Enhancing Autonomy, Authenticity and Selecting the Child with the Best Moral Life

Alexandru Gabriel CIOIU


In the human enhancement literature, there is a recurrent fear that biomedical technologies will negatively impact the autonomy and authenticity of moral agents, even when the agents would end up having better capacities and an improved life with the aid of these technologies. I will explore several ways in which biomedical enhancement may improve the autonomy of moral agents and try to show that biomedical methods are, all things considered, beneficial to our autonomy and authenticity. I will argue that there are instances when it’s desirable to limit the autonomy of moral agents and that strict regulations are to be put in place if a great number of people will have easy access to powerful, genetic-altering technologies which can impact the life of future children. I will advocate for using assisted reproductive technologies in order to select the child with the best chance of the best moral life and in doing so I will analyse several procreative principles which have been proposed by different scholars in the genetic enhancement debate and try to determine which one would be best to adhere to.

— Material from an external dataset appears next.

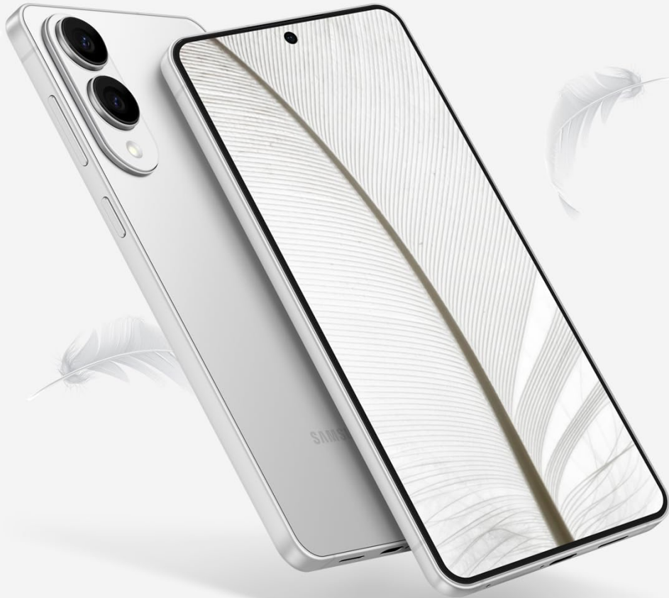
Image: A close-up of the Galaxy S25 Edge's camera system and display, highlighting its ability to capture fine details.

Get our powerful 200MP camera on our slimmest S Series phone

Usually, people place high value on the concept of autonomy and there are many cases in which they end up overestimating autonomy in relation to other moral values. While autonomy is important, it’s also important to know how to limit it when reasonable societal norms require it. Sometimes autonomy is defined in strong connection with the concept of authenticity, in the sense that it’s not sufficient for our choices to be autonomous if they are not also authentic. I will try to defend the idea that authenticity can be enhanced as well with the aid of enhancement technologies which can actually prove beneficial in our quest to improve our own self.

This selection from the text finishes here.